- Data provided -
▬▬▬▬▬▬▬▬▬▬

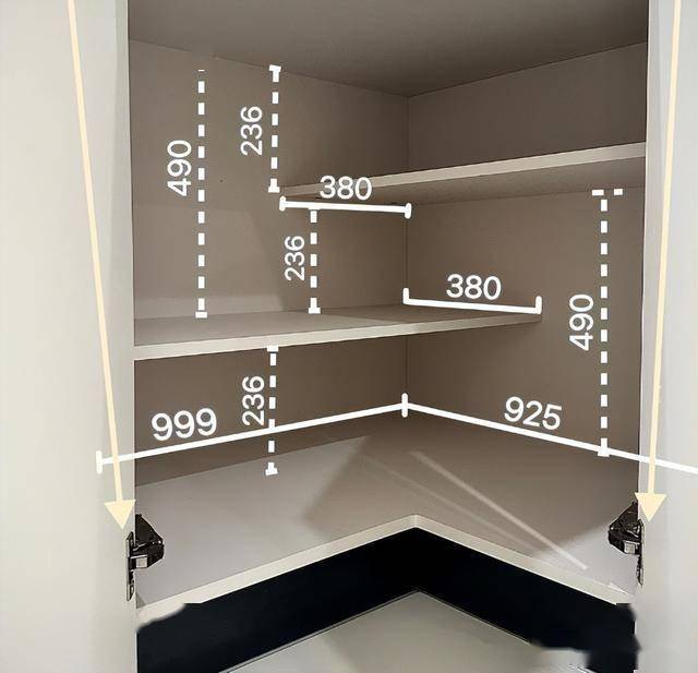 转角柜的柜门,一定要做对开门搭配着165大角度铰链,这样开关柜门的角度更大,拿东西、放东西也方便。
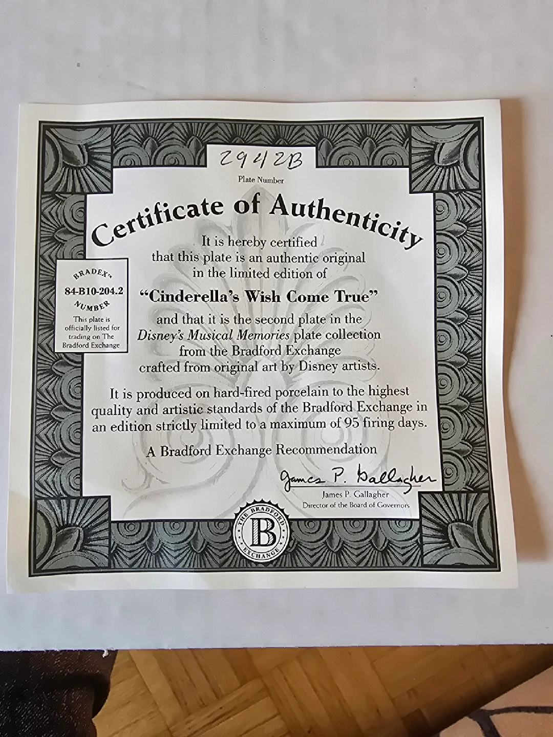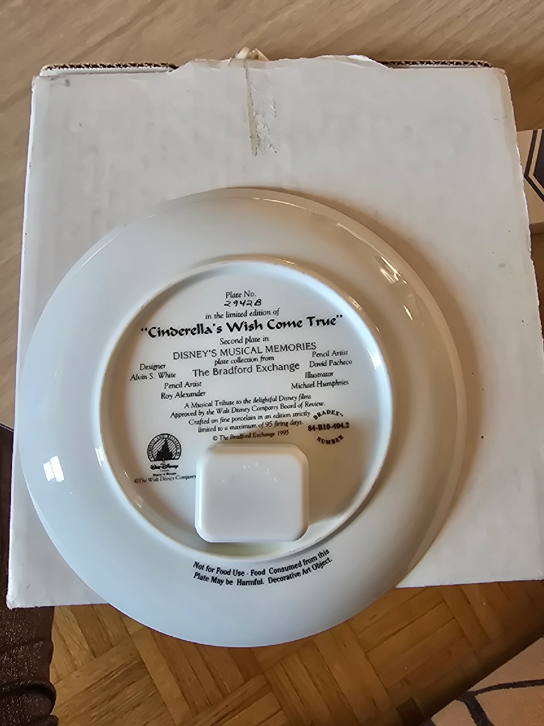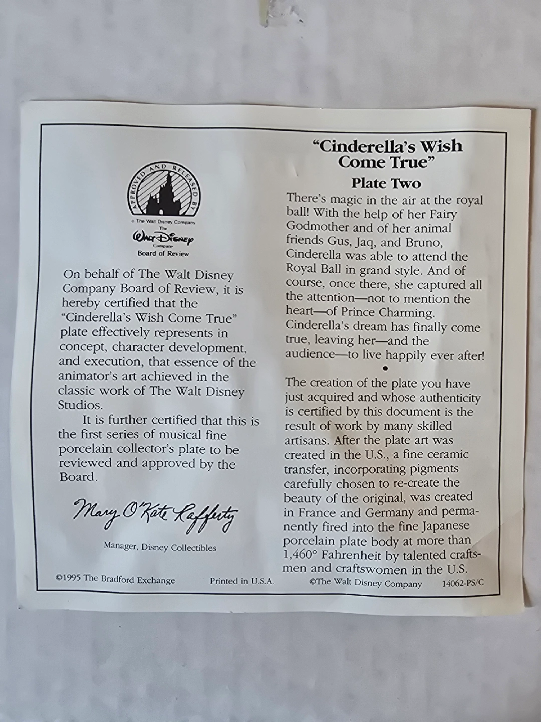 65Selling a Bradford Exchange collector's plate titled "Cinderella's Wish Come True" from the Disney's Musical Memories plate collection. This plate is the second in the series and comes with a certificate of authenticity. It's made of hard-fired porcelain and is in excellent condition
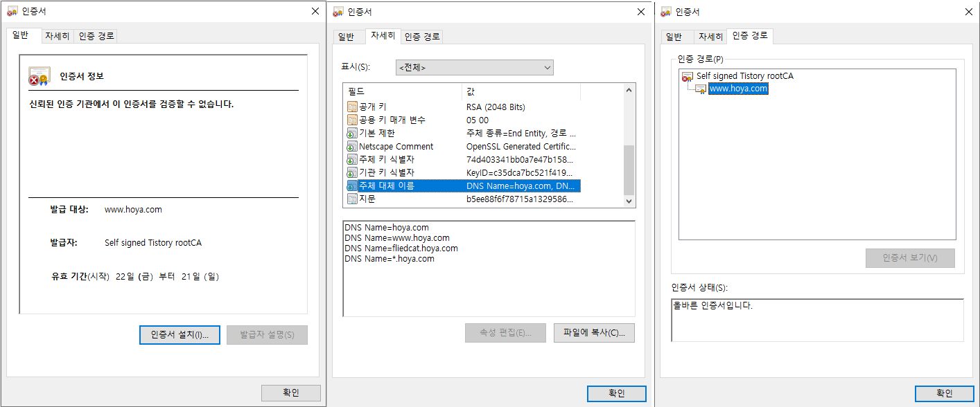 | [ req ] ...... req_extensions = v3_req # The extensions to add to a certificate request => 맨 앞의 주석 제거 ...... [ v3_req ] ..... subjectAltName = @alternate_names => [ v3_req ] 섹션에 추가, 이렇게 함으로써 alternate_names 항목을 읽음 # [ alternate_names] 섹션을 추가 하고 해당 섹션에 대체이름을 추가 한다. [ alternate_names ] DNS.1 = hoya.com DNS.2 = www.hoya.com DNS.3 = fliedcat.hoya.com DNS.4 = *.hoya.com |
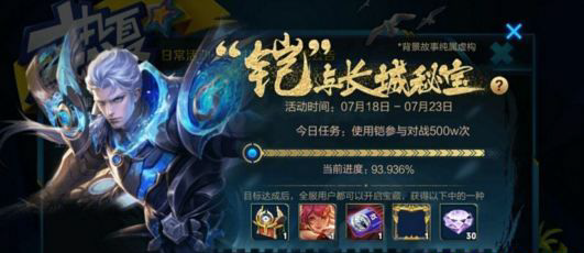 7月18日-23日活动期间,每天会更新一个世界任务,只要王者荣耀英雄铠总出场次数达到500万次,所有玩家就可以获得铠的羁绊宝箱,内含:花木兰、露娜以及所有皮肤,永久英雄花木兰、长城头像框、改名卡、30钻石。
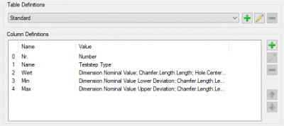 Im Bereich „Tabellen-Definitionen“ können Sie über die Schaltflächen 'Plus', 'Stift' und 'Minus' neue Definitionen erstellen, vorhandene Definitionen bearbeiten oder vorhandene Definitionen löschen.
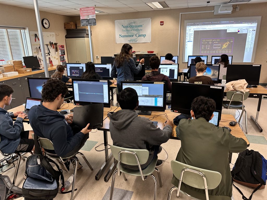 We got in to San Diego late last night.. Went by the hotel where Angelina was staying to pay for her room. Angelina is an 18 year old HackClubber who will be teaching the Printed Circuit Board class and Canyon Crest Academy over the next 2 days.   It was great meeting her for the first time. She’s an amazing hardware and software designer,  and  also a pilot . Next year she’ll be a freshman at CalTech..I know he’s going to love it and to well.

▬▬▬▬▬▬▬▬▬▬

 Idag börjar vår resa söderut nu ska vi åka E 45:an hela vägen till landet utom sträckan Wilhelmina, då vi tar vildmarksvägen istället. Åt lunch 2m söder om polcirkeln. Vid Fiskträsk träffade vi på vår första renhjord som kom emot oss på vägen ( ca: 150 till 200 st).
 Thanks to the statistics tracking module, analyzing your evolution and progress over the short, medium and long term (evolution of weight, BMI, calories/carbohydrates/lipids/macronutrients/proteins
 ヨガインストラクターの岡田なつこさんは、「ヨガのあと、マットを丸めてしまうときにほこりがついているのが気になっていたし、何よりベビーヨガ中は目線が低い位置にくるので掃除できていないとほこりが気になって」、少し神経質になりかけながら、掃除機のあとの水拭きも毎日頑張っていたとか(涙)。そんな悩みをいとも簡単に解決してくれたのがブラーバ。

▬▬▬▬▬▬▬▬▬▬

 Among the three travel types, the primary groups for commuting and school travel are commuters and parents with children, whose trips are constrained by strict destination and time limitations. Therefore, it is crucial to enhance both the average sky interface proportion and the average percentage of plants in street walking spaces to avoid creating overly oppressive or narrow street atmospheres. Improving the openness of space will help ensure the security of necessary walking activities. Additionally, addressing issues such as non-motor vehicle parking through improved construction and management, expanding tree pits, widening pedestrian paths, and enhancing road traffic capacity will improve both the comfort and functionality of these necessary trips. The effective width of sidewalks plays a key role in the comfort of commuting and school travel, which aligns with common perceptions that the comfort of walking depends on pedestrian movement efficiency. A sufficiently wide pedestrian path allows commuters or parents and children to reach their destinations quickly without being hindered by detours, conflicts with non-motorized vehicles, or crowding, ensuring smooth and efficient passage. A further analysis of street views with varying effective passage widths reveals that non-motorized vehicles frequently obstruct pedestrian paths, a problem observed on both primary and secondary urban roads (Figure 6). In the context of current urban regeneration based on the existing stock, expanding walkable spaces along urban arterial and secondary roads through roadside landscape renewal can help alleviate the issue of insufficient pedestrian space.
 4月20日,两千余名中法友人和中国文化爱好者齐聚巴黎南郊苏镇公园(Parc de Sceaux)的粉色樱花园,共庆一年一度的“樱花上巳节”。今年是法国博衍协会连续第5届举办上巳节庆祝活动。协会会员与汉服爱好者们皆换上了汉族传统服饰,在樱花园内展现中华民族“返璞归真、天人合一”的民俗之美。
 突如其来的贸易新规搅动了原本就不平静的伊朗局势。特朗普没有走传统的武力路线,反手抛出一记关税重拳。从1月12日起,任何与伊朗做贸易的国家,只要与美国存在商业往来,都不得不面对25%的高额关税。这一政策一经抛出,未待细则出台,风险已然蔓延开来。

▬▬▬▬▬▬▬▬▬▬

- Instructions to follow -
Your answer should be the lines above, word for word, from the line with "转角柜的柜门,一定要做对开门" through the line with "We got in to", minus the pictures.

- Exercise response -
 转角柜的柜门,一定要做对开门搭配着165大角度铰链,这样开关柜门的角度更大,拿东西、放东西也方便。
 65Selling a Bradford Exchange collector's plate titled "Cinderella's Wish Come True" from the Disney's Musical Memories plate collection. This plate is the second in the series and comes with a certificate of authenticity. It's made of hard-fired porcelain and is in excellent condition
 | [ req ] ...... req_extensions = v3_req # The extensions to add to a certificate request => 맨 앞의 주석 제거 ...... [ v3_req ] ..... subjectAltName = @alternate_names => [ v3_req ] 섹션에 추가, 이렇게 함으로써 alternate_names 항목을 읽음 # [ alternate_names] 섹션을 추가 하고 해당 섹션에 대체이름을 추가 한다. [ alternate_names ] DNS.1 = hoya.com DNS.2 = www.hoya.com DNS.3 = fliedcat.hoya.com DNS.4 = *.hoya.com |
 7月18日-23日活动期间,每天会更新一个世界任务,只要王者荣耀英雄铠总出场次数达到500万次,所有玩家就可以获得铠的羁绊宝箱,内含:花木兰、露娜以及所有皮肤,永久英雄花木兰、长城头像框、改名卡、30钻石。
 Im Bereich „Tabellen-Definitionen“ können Sie über die Schaltflächen 'Plus', 'Stift' und 'Minus' neue Definitionen erstellen, vorhandene Definitionen bearbeiten oder vorhandene Definitionen löschen.
 We got in to San Diego late last night.. Went by the hotel where Angelina was staying to pay for her room. Angelina is an 18 year old HackClubber who will be teaching the Printed Circuit Board class and Canyon Crest Academy over the next 2 days.   It was great meeting her for the first time. She’s an amazing hardware and software designer,  and  also a pilot . Next year she’ll be a freshman at CalTech..I know he’s going to love it and to well.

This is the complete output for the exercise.